Scaling shards on the fly
A bus can add and remove shards at runtime. The scaling monitor watches per-shard utilization and proposes scaling decisions; you can either auto-apply them or feed them through your own policy:
let decision = bus.suggest_scaling().await;
match decision {
ScalingDecision::AddShards(n) => bus.add_shards(n).await?,
ScalingDecision::RemoveShards(ids) => bus.remove_shards(ids).await?,
ScalingDecision::NoChange => {}
}Adding shards is cheap — new ring buffers, new workers, and the next ingest with a hash that lands on them will be served immediately. Removing shards is more involved: the bus waits for the shard's drain worker to clear the buffer and dispatch the final batch before the shard is unregistered. The merger's view is updated atomically so a poll can't be routed to a half-removed shard.
Common shapes
Three patterns cover most of what you'll write:
Producer-only, where the bus is purely an ingestion endpoint. Construct with a durable adapter (NetAdapter against a mesh that has RedEX enabled, or RedisAdapter); ingest from your application; let consumers elsewhere on the mesh poll independently.

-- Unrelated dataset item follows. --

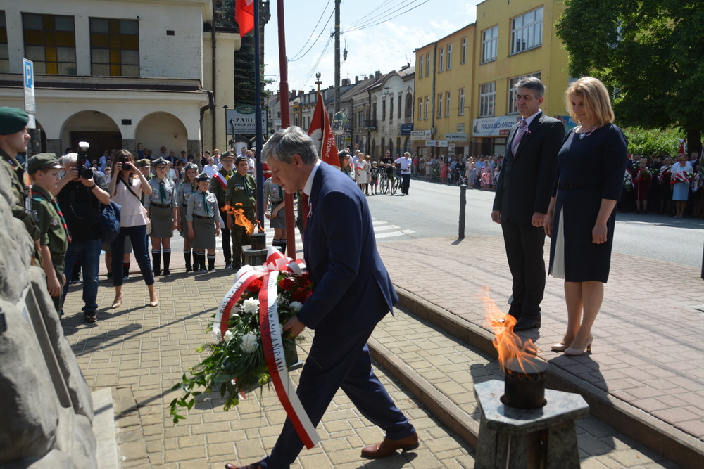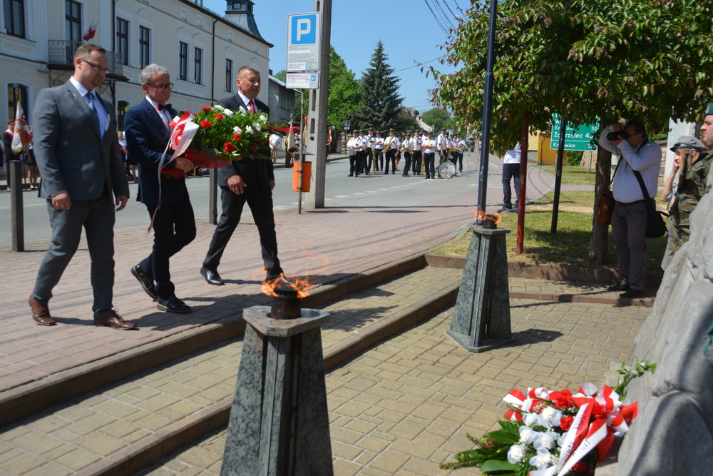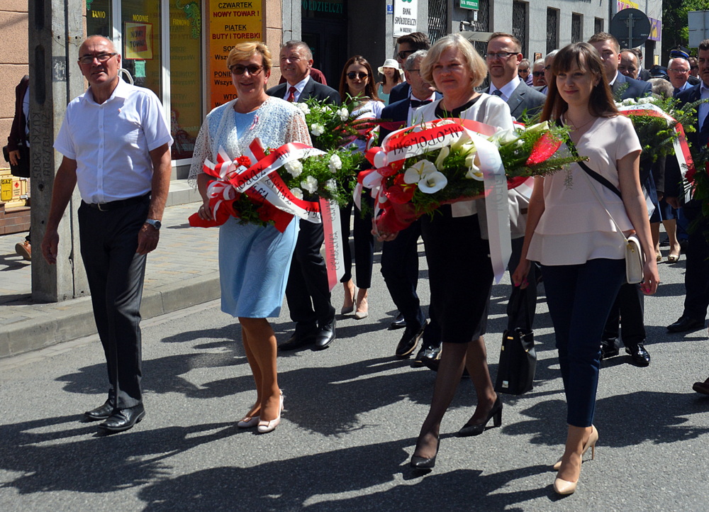 Następnie kwiaty pod Pomnikiem Nieznanego Żołnierza złożyli: w imieniu mieszkańców gminy burmistrz Brzeska Grzegorz Wawryka wraz z małżonką, zastępcą Jerzym Tyrkielem i sekretarzem gminy Stanisławem Sułkiem; przewodniczący Rady Miejskiej w Brzesku Krzysztof Ojczyk wraz z radnymi; wiceminister zdrowia a zarazem poseł RP, Józefa Szczurek-Żelazko; w imieniu wojewody małopolskiego kwiaty złożyła Ewa Podłęcka; wicestarosta Ryszard Ożóg, przewodniczący rady powiatu Kazimierz Brzyk oraz radny Maciej Podobiński; w imieniu posła do Parlamentu Europejskiego Edwarda Czesaka kwiaty złożył Mieczysława Klimek; w imieniu sejmiku Województwa Małopolskiego kwiaty składał radny Adam Kwaśniak; w imieniu Posła RP – Władysława Kosiniaka-Kamysza (PSL) kwiaty złożył jego asystent Rafał Dąbrowski; asystent Posła Czesława Siekierskiego – Adrian Zaleśny; klub radnych Prawa i Sprawiedliwość na czele z przewodniczącym Jarosławem Sorysem; klub radnych Wspólnoty Samorządowej na czele z przewodniczącą klubu Marią Kądziołką; komendant KPP podinsp. Bogusław Chmielarz; bryg. Piotr Słowiak; w imieniu Zarządu Światowego Związku Żołnierzy Armii Krajowej oddział w Brzesku kwiaty złoży Piotr Duda wraz z przedstawicielami szkolnego klubu historycznego im. Armii Krajowej ZSP 1 w Brzesku; księża dekanatu brzeskiego na czele z ks. dziekanem Józefem Drabikiem; Jednostka Strzelecka 20 59 wraz z przedstawicielami Ligi Obrony Kraju – Andrzej Gruca, mł. insp. Mirosław Król, st. sierż. Szymon Zawadzki; Zarząd Gminny Ochotniczych Straży Pożarnych w Brzesku – prezes dh. Marian Czarnik; Ochotnicza Straż Pożarna w Brzesku – prezes Bogusław Wawryka; Dziecięca Drużyna Pożarnicza działająca przy OSP w Jadownikach; Dziecięca Drużyna Pożarnicza działająca przy OSP w Porębie Spytkowskiej; Delegacja Związku Harcerstwa Polskiego Hufiec Brzesko im. Mikołaja Kopernika na czele z Komendantem Hufca podharcmistrzem Bartłomiejem Turlejem; Brzeskie Towarzystwo Gimnastyczne „Sokół” – wiceprezes Zdzisław Grzegorzek; delegacja Komitetu Terenowego Prawo i Sprawiedliwość – Stanisław Pacura; delegacja Komitetu Brzeskiego Platforma Obywatelska – Jan Musiał, Katarzyna Pacewicz-Pyrek; ugrupowanie Wolni i Solidarni wraz z Endecją; Stowarzyszenie na rzecz Nowej Konstytucji – Krzysztof Stec; Zarząd Miejsko-Gminny Polskiego Stronnictwa Ludowego – Andrzej Dzień; przedstawiciele Nowoczesnej; Niezależny Samorządny Związek Zawodowy „Solidarność”- Janusz Duda, Urszula Majmurek; Związek Nauczycielstwa Polskiego – Mieczysław Żurek; delegacja zarządu Osiedla Kościuszki – Ogrodowa; delegacja z Samodzielnego Publicznego Zespołu Opieki Zdrowotnej –dyrektor Adam Smołucha; delegacja Cechu Rzemieślników oraz Małych i Średnich Przedsiębiorców w Brzesku - Ludwik Cyga, Mieczysław Hebda, Eugeniusz Kopacz; Stowarzyszenie Przedsiębiorców Brzeskich - prezes Halina Mrówka, Franciszek Krupa; Krakowska Kongregacja Kupiecka- Prezes Bogdan Baranek, Katarzyna Pacewicz – Pyrek; Stowarzyszenie Ziemi Brzeskiej „Porozumienie” - prezes Henryk Pałka; dyrektor Miejskiego Ośrodka Kultury Małgorzata Cuber wraz z dyrektorem Powiatowej i Miejskiej Biblioteki Publicznej w Brzesku Kariną Legutek; Brzeskie Zakłady Komunalne - prezes Janusz Filip; Miejskie Przedsiębiorstwo Energetyki Cieplnej Brzesko – prezes Jacek Wróblewski; Uniwersytet Trzeciego Wieku – na czele z prezes Cecylią Jabłońską; PSS „Społem” - prezes Marek Kokoszka; Zespół Szkół Ponadgimnazjalnych nr 1 w Brzesku; Zespół Szkół Ponadgimnazjalnych nr 2, Katolickie Gimnazjum oraz Liceum Ogólnokształcące; Publiczna Szkoła Podstawowa nr 1; Publiczna Szkoła Podstawowa nr 2; Publiczna Szkoła Podstawowa nr 3; Publiczna Szkoła Podstawowa w Buczu; Publiczna Szkoła Podstawowa nr 1 w Jadownikach; Publiczna Szkoła Podstawowa nr 2 w Jadownikach; w imieniu Publicznej Szkoły Podstawowej w Jasieniu kwiaty złożyli harcerze; Publiczna Szkoła Podstawowa w Morzyskach; Publiczna Szkoła Podstawowa w Okocimiu; Publiczna Szkoła Podstawowa w Sterkowcu; Publiczna Szkoła Podstawowa w Szczepanowie.

Consumer-only, where the bus exists only to drive a downstream component. Construct with the same adapter, never call ingest, and run a polling loop against poll() until shutdown.
Both, where a single bus instance both ingests and consumes — typical for daemons that read events, transform them, and emit derived events. Most application code lives here.
The single primitive shapes all three. The bus doesn't care which role you're playing.